Material for this task -
....

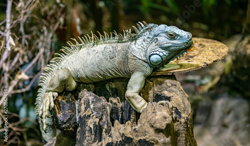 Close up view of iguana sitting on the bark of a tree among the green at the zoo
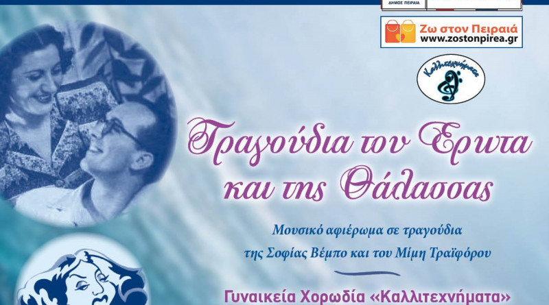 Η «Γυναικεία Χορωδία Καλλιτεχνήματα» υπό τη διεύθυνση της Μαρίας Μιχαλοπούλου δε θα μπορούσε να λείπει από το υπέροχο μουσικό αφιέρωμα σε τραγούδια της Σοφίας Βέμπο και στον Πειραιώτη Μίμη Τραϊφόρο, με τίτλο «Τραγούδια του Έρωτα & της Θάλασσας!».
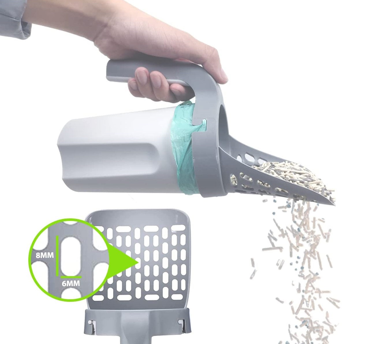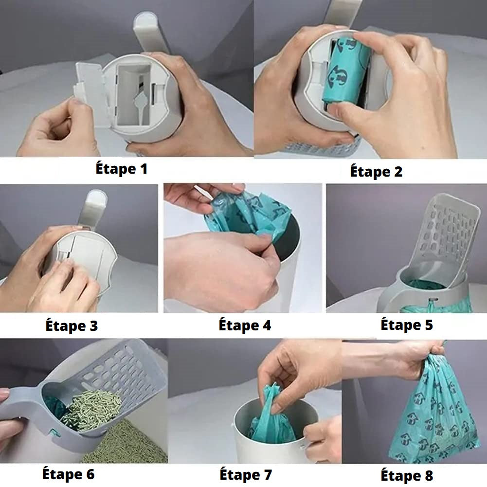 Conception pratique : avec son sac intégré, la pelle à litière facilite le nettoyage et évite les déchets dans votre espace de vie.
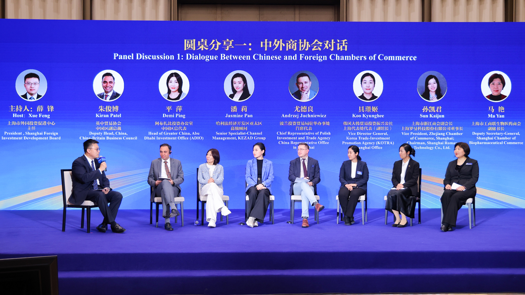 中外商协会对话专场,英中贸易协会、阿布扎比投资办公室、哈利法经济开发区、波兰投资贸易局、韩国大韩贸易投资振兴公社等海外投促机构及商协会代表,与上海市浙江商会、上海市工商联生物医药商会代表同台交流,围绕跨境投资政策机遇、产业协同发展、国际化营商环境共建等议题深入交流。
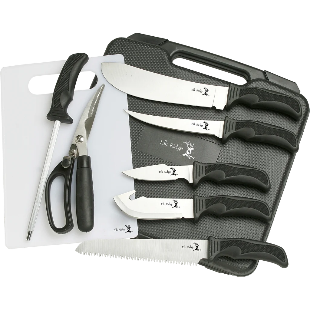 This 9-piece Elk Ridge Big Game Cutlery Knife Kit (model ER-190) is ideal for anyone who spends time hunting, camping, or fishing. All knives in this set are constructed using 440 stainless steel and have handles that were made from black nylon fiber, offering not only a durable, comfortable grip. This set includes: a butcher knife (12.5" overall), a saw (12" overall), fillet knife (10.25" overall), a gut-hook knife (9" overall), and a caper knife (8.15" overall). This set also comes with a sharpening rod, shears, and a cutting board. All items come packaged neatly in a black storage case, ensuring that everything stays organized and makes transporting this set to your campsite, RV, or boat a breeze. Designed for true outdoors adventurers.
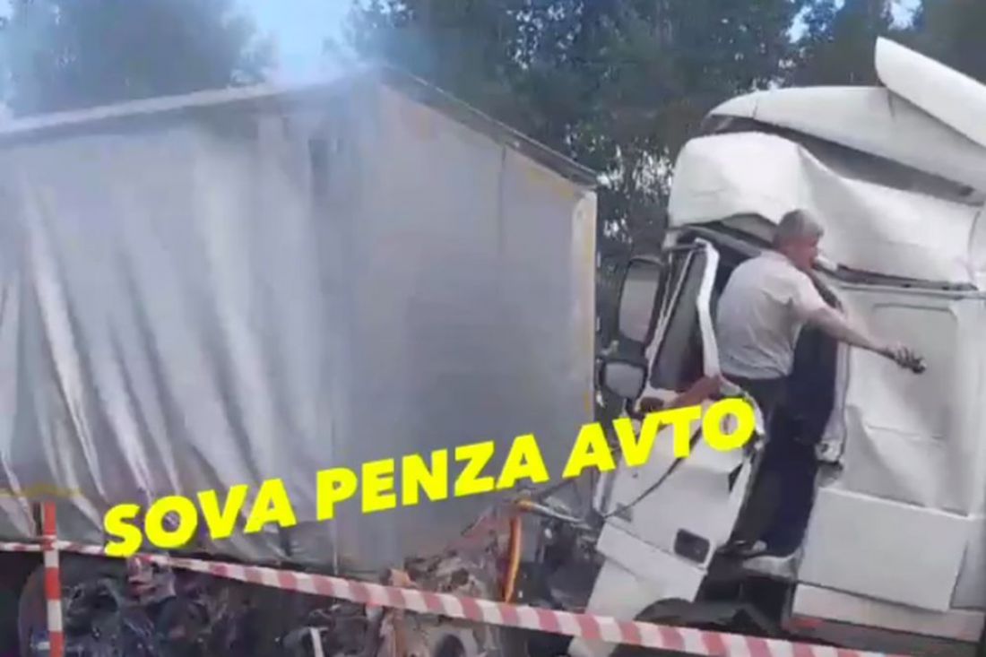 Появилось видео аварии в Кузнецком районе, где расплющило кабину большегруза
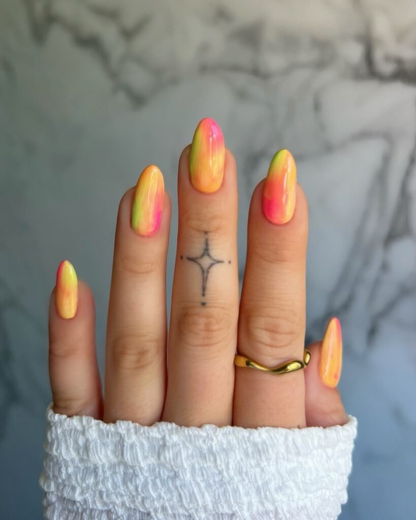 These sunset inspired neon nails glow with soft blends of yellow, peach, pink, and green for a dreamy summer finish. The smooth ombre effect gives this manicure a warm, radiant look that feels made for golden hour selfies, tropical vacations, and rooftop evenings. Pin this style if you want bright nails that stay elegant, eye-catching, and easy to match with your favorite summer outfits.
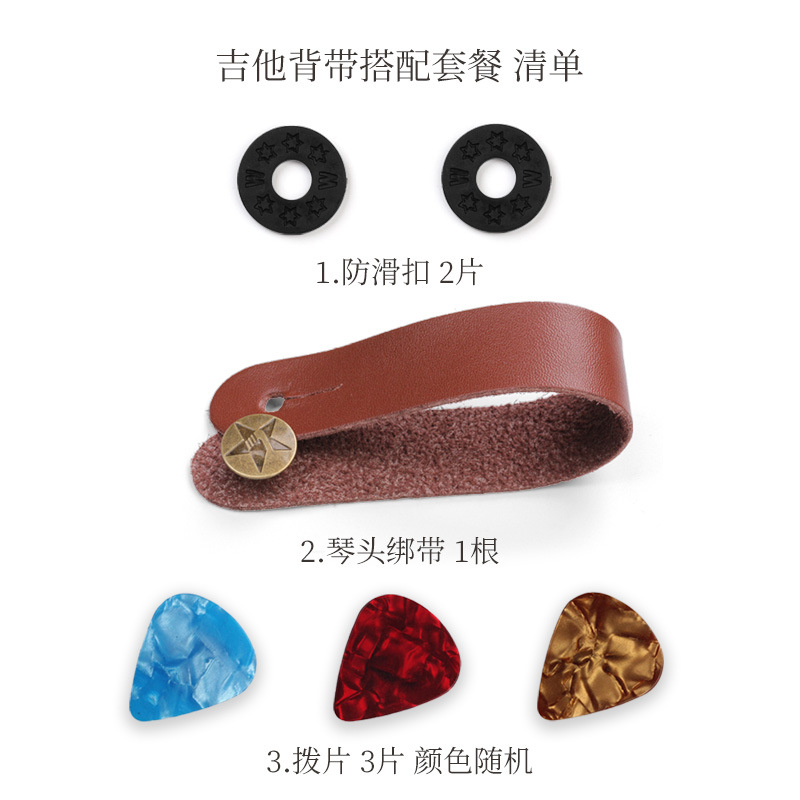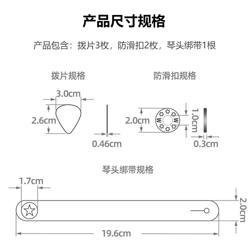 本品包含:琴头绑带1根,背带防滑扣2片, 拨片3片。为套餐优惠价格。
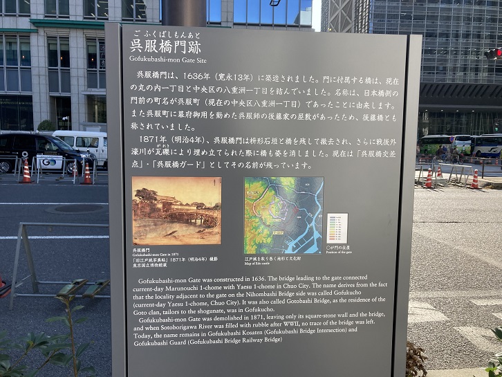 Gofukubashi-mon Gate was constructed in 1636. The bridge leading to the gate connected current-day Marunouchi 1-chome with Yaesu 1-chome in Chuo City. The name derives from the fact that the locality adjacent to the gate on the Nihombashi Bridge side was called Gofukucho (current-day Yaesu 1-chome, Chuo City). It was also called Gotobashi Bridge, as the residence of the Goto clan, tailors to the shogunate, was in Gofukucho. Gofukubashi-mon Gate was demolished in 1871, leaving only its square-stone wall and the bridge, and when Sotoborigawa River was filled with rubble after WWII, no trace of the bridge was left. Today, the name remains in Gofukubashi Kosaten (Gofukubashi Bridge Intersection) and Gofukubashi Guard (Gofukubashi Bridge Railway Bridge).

....

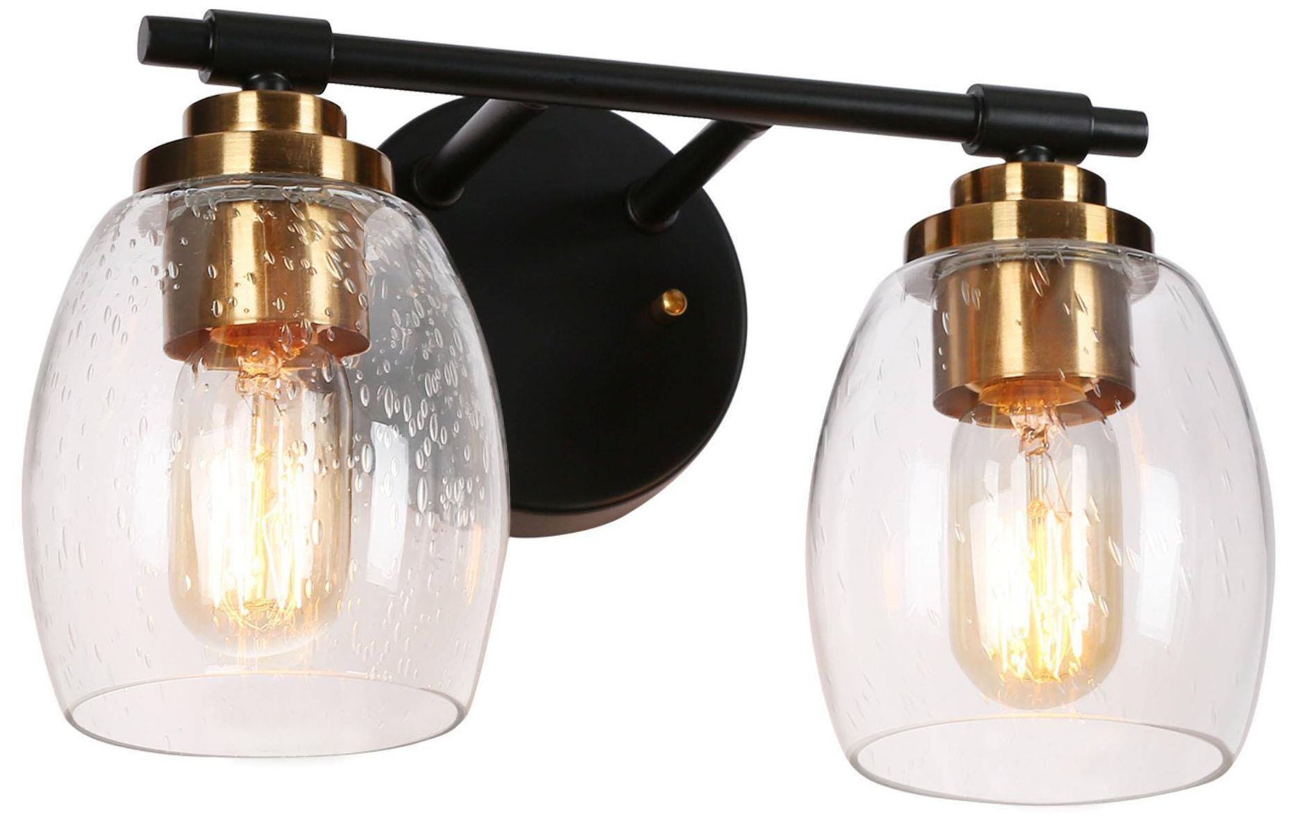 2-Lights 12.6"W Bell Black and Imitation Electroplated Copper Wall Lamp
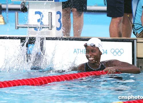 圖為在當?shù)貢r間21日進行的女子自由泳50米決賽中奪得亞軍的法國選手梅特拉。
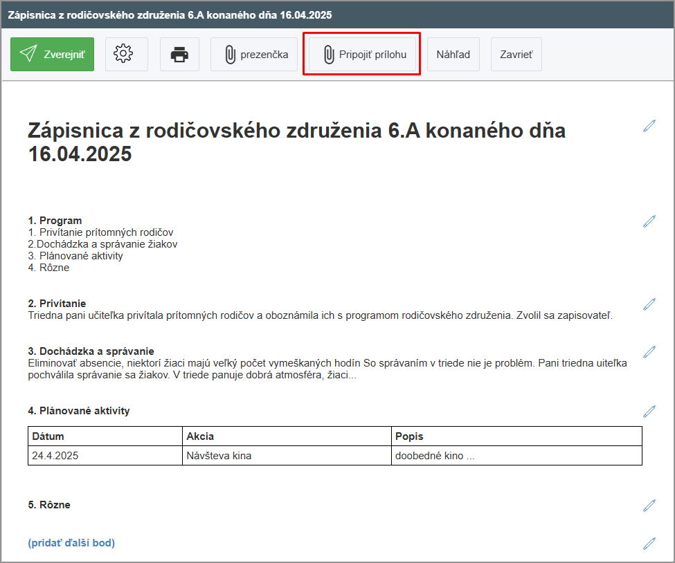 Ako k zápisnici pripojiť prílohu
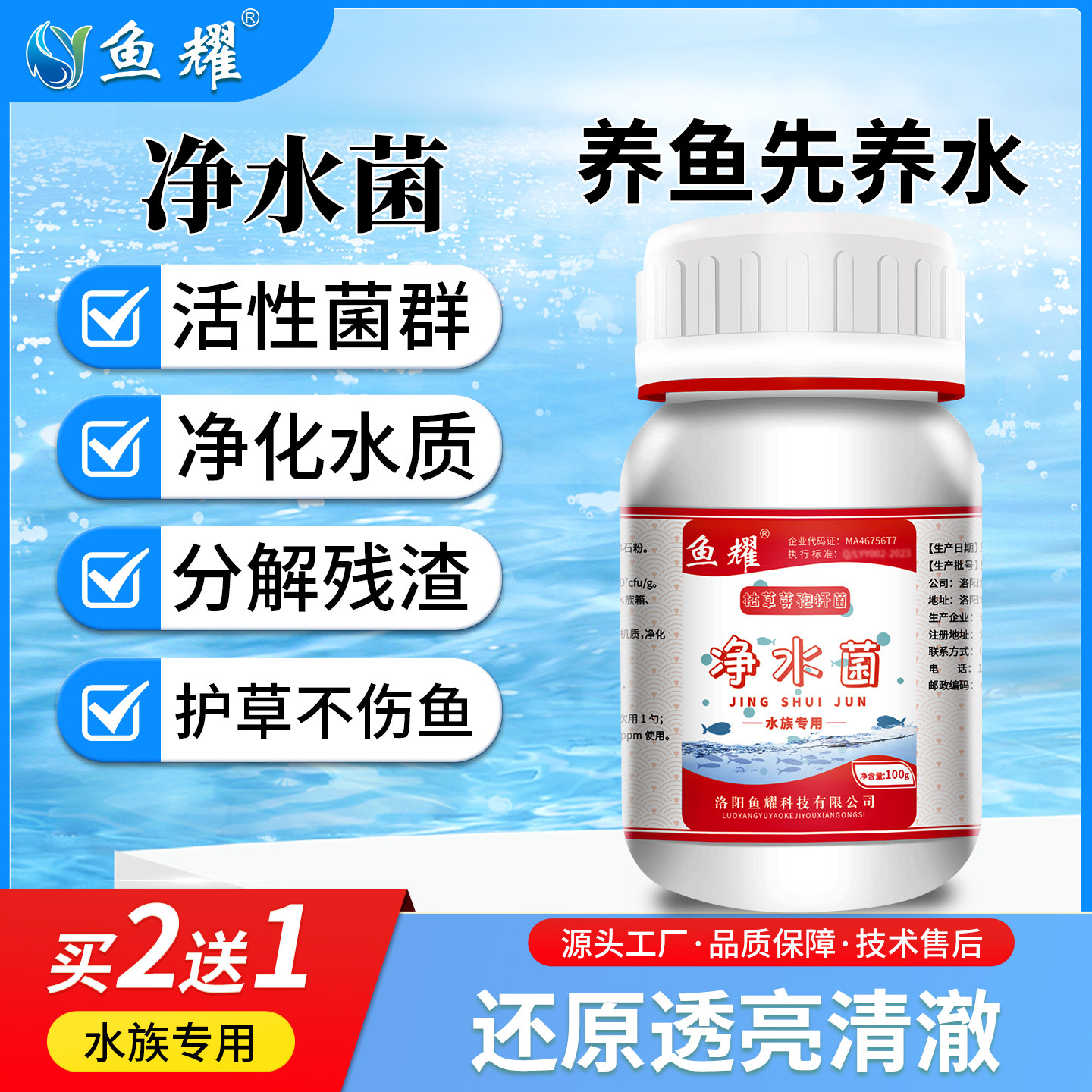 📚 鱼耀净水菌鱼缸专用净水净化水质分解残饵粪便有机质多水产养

....

What the task asks -
Restate the lines above from the one containing "Close up view" through the one containing "τη διεύθυνση της Μαρίας", inclusive, exactly and without pictures.

Exercise result -
 Close up view of iguana sitting on the bark of a tree among the green at the zoo
 Η «Γυναικεία Χορωδία Καλλιτεχνήματα» υπό τη διεύθυνση της Μαρίας Μιχαλοπούλου δε θα μπορούσε να λείπει από το υπέροχο μουσικό αφιέρωμα σε τραγούδια της Σοφίας Βέμπο και στον Πειραιώτη Μίμη Τραϊφόρο, με τίτλο «Τραγούδια του Έρωτα & της Θάλασσας!».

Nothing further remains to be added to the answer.